Valuation Metrics For Arm Holdings
Below is a table of the firm’s relevant capitalization and valuation metrics at IPO:
Measure [TTM] |
Amount |
Market Capitalization at IPO |
$50,277,864,434 |
Enterprise Value |
$49,029,864,434 |
Price / Sales |
18.89 |
EV / Revenue |
18.42 |
EV / EBITDA |
100.47 |
Earnings Per Share |
$0.39 |
Operating Margin |
18.33% |
Net Margin |
15.18% |
Float To Outstanding Shares Ratio |
9.31% |
Proposed IPO Midpoint Price per Share |
$49.00 |
Net Free Cash Flow |
$778,000,000 |
Free Cash Flow Yield Per Share |
1.55% |
Debt / EBITDA Multiple |
0.00 |
CapEx Ratio |
10.97 |
Revenue Growth Rate |
-2.46% |
(Glossary Of Terms) |
(Source – SEC)
Commentary About Arm Holdings’ IPO
Arm is going public at a time when semiconductor technologies are in ever-increasing demand worldwide.
The company’s financials have generated slightly lower topline revenue, reduced gross profit margin, and lowered operating profit and net income.
Free cash flow for the twelve months ending June 30, 2023, was $778 million.

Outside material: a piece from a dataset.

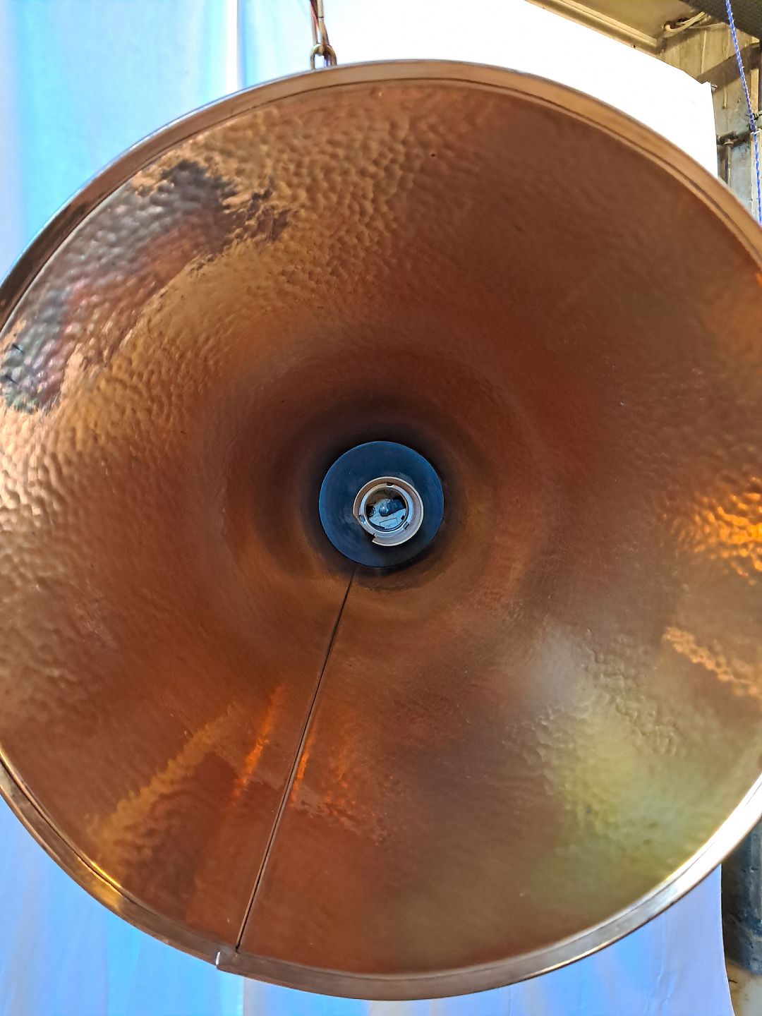 Lampe i metal fra 1980erne. Den har små brugsspor. Højde med kæde 100cm Diameter 32cm Emne nummer: 77795

Selling, G&A expenses as a percentage of total revenue have moved lower despite a drop in revenue and its Selling, G&A efficiency multiple dropped to negative (0.1x) in the most recent partial-year reporting period.
The firm currently plans to pay no dividends and to retain future earnings for reinvestment back into the company’s growth and working capital requirements.
The company is subject to dividend laws in England and Wales, so it is restricted as to the conditions under which it may pay dividends in the future.
Arm’s recent capital spending history indicates it has spent lightly on capital expenditures as a percentage of its operating cash flow.
The market opportunity for CPU design is large and expected to continue growing at a reasonably high rate of growth in the coming years, so the firm enjoys strong industry growth dynamics in its favor.
Business risks to the company’s outlook as a public company include the following management discussion about its Chinese entity and operations:
a ‘significant portion of our total revenue is generated from Arm China, a related party.[…] Despite our significant reliance on Arm China through our commercial relationship with them, both as a source of revenue and as a conduit to the important PRC market, Arm China operates independently of us. Under the IPLA, Arm China’s payments due to us are determined based on the financial information that Arm China provides to us. Accordingly, we are dependent on Arm China providing us with reliable and timely financial information. […] For the fiscal year ended March 31, 2023, although our total revenues derived from the PRC increased as compared to the prior year, the growth in our royalty revenues slowed for the same period primarily as a result of economic issues in the PRC and factors related to export control and national security matters. Furthermore, in light of these issues, we expect to continue to see declining royalty revenues derived from the PRC and we could see a decline in licensing revenues.[…] In the fiscal year ended March 31, 2023, royalty revenue represented 63% of our total revenue.’
Management is asking IPO investors to pay an Enterprise Value / Revenue multiple of just over 100x, an extremely high multiple.
Investors who can stomach a 100x EV/EBITDA multiple would need to believe Arm is really worth a far higher valuation than $49 billion.
While the firm is well positioned in the current demand growth environment for AI-related chip technologies, I question the proposed valuation given the company’s recent declining topline revenue growth, drop in operating profit and turn to operating cash loss.
Accordingly, my outlook on the ARM IPO is Neutral [Hold] due to excessive valuation.
Expected IPO Pricing Date: September 13, 2023.